ABSTRACT
Introduction
Polycythemia vera (PV) is the most common myeloproliferative neoplasm (MPN). PV is characterized by erythrocytosis, leukocytosis, thrombocytosis, increased hematocrit, and hemoglobin in the peripheral blood. Splenomegaly and myelofibrosis often occur in PV patients. Almost all PV patients harbor a mutation in the JAK2 gene, mainly represented by the JAK2V617F point mutation.
Areas covered
This article examines the recent in vitro and in vivo available models of PV and moreover, it offers insights on emerging biomarkers and therapeutic targets. The evidence from mouse models, resembling a PV-like phenotype generated by different technical approaches, is discussed. The authors searched PubMed, books, and clinicaltrials.gov for original and review articles and drugs development status including the terms Myeloproliferative Neoplasms, Polycythemia Vera, erythrocytosis, hematocrit, splenomegaly, bone marrow fibrosis, JAK2V617F, Hematopoietic Stem Cells, MPN cytoreductive therapy, JAK2 inhibitor, histone deacetylase inhibitor, PV-like phenotype, JAK2V617F BMT, transgenic JAK2V617F mouse, JAK2 physiologic promoter.
Expert opinion
Preclinical models of PV are valuable tools for enabling an understanding of the pathophysiology and the molecular mechanisms of the disease. These models provide new biological insights on the contribution of concomitant mutations and the efficacy of novel drugs in a ‘more faithful’ setting. This may facilitate an enhanced understanding of pathogenetic mechanisms and targeted therapy.
Article highlights
Polycythemia vera is characterized by the presence of a V617F point mutation or exon 12 mutations in JAK2 gene.
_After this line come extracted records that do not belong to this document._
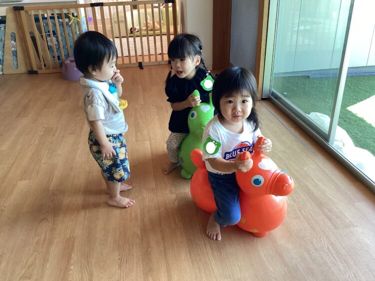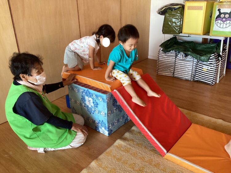 室内では滑り台やロディに乗って楽しんでいるお友だちもいましたよ![]()
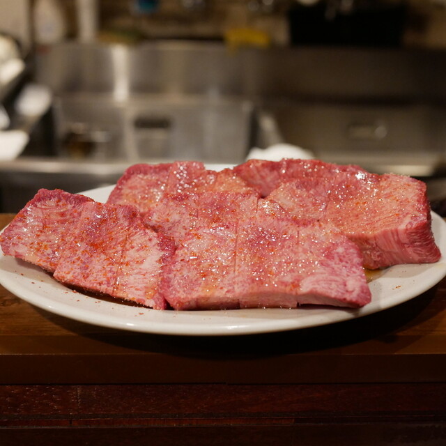 名物はなんと10cmの極厚タン!インパクトのある見た目もさることながら、オリジナルのニンニクチップで食べるタンは程よい脂の甘さとぷりぷりサクサクの触感で、最高の味わい!
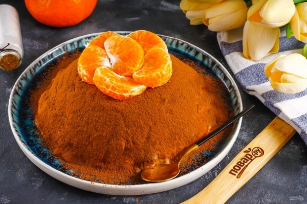 Перед подачей накройте емкость тарелкой и переверните дном вверх. Потяните за края пищевой пленки и торт упадет прямо на тарелку. Удалите пищевую пленку. Присыпьте десерт какао-порошком или кокосовой стружкой, это не принципиально. Подайте к столу охлажденным.
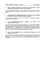 LANDTAG NORDRHEIN-WESTFALEN - 18. Wahlperiode Drucksache 18/266 2. Gibt es am derzeit vorgelegten Entwurf einer 6,50 m breiten Straße ohne Rad- /Fußweg Veränderungen oder sind diese noch vorgesehen? In den Planfeststellungsunterlagen sind keine Änderungen zum genehmigten Entwurf vorgenommen worden. Ein Radweg ist in separater Führung vorgesehen (vgl. Antwort zu Frage 3.). 3. Ist beabsichtigt, dem zuständigen Regionalrat den Wunsch nach einem Radweg entlang der L 239 zwecks Abgabe eines Votums vorzulegen? Der Geh- und Radweg entlang der L 239 ist seit 2019 Bestandteil des Programms „Radwege an bestehenden Landesstraßen“. 4. Ist, wie Presseberichte mutmaßen, vorgesehen, die Straße für den Schwerlastverkehr zu öffnen? Die L 239 ist temporär aufgrund des baulichen Zustandes, der zu gerin-gen Fahrbahnbreite und der engen Radien für den LKW-Durchgangsverkehr gesperrt. Gemäß § 3 Abs. 2 Straßen- und Wegegesetz Nordrhein-Westfalen sind Landesstraßen Straßen mit mindestens regionaler Verkehrsbedeutung, die – beschränkungsfrei – den durchgehenden Verkehrsverbindungen dienen oder zu dienen bestimmt sind. Mit der Sanierung der L 239 entfällt die bisherige Begründung zur Sperrung der Strecke aufgrund des baulichen Zustandes. 5. Wann ist mit dem Baubeginn des in Rede stehenden Teilstücks der L 239 frühestens zu rechnen? Nach Abschluss des Planfeststellungsverfahrens kann die Bauvorberei-tung der Maßnahme begonnen werden. Da der Abschluss des Planfest-stellungsverfahrens nicht benennbar ist (vgl. Antwort zu Frage 1), ist auch der Baubeginn zum jetzigen Zeitpunkt verantwortlich nicht abschätzbar. 2

The hematopoietic stem cells of Polycythemia vera are clonal; the JAK2V617F driver mutation is found in long-term hematopoietic stem cells.
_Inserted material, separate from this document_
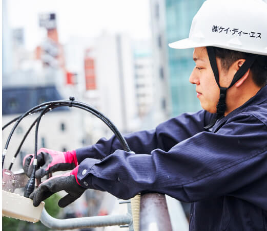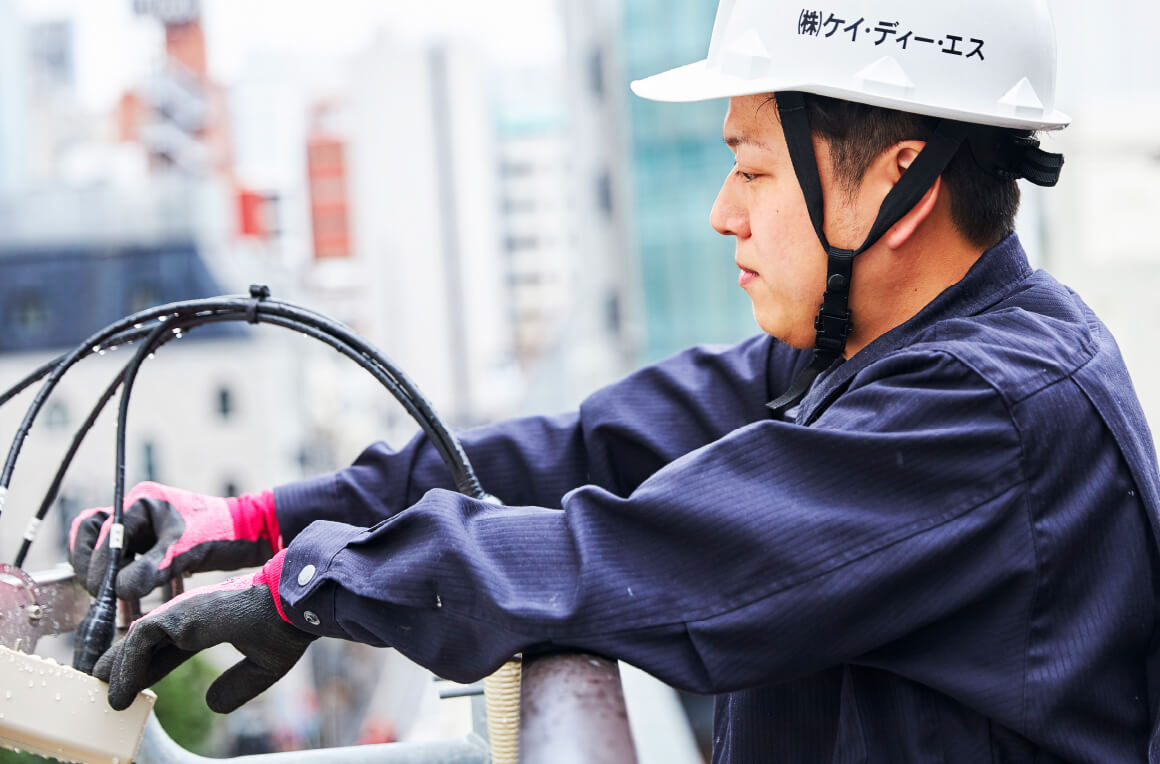 ネットワーク事業部の施工部隊を率いて、現場での施工を担当しています。KDSが主に手がけているのは、携帯基地局とLAN設備のふたつです。簡単な電気設備工事を手がけることもあります。オフィスビルや商業施設、病院、ホテルなどに向かい、注文を受けた設備を設置します。例えば基地局の工事であれば、電源の取得から配線、鋼材の組み立て、アンテナの取り付け、接続の確認まで、現場で必要とされる作業のすべてに対応しています。現場経験ゼロからの入社でしたが、自身で現場をまわせるまでになりました。
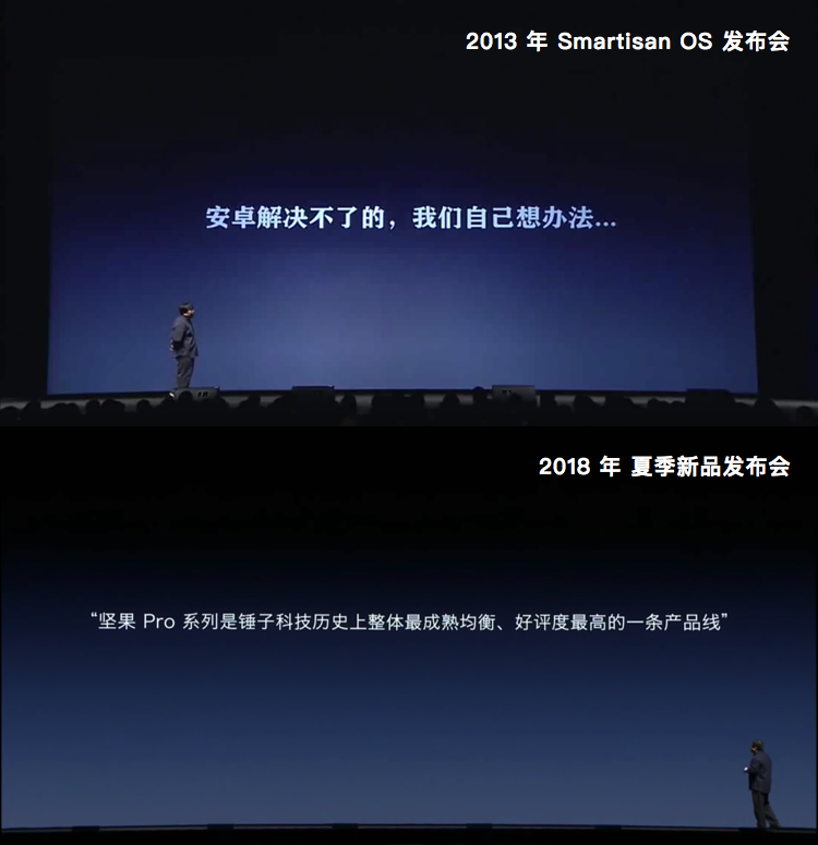 锤子科技的发布会幻灯片一度是国内科技行业发布会的标杆,当然,他们的幻灯片设计也在不停地进行演变,最大的一次变化是字体上的变化。下面是锤子科技第一场发布会和 2018 年的夏季新品发布会的字体对比图:

The bone marrow transplantation of JAK2V617F mutated cells is sufficient to induce a Polycythemia vera–like phenotype in mice.
The transgenic mouse models focused the attention on the expression level of the mutation as phenotype modulator.
The transgene integration site in the host genome and the time of activation and expression are of key importance to model the disease phenotype, as highlighted by knock-in mouse models.
Beside the JAK2V617F, additional mutations worsen the prognosis for polycythemia vera patients in terms of overall, leukemia-free and progression-free survival.
Dual-specificity phosphatase (DUSP1) and the phosphatidylnositol 3-Kinase (PI3K) pathway are potential therapeutic targets worthy of further investigation.
This box summarizes key points contained in the article.
Declaration of interest
AM Vannucchi is an Advisory Board member at Novartis, Celgene, Incyte, Italfarmaco, and AbbVie and has received lecturing fees from Novartis, Celgene and CTI. P Guglielmelli has received lecturing fees from Novartis. The authors have no other relevant affiliations or financial involvement with any organization or entity with a financial interest in or financial conflict with the subject matter or materials discussed in the manuscript. This includes employment, consultancies, honoraria, stock ownership or options, expert testimony, grants or patents received or pending, or royalties.
Reviewer disclosures
One reviewer is on the Advisory Board of Novartis who developed the drug Midostaurin.
Peer reviewers on this manuscript have no other relevant financial or other relationships to disclose
Correction Statement
This article has been republished with minor changes. These changes do not impact the academic content of the article.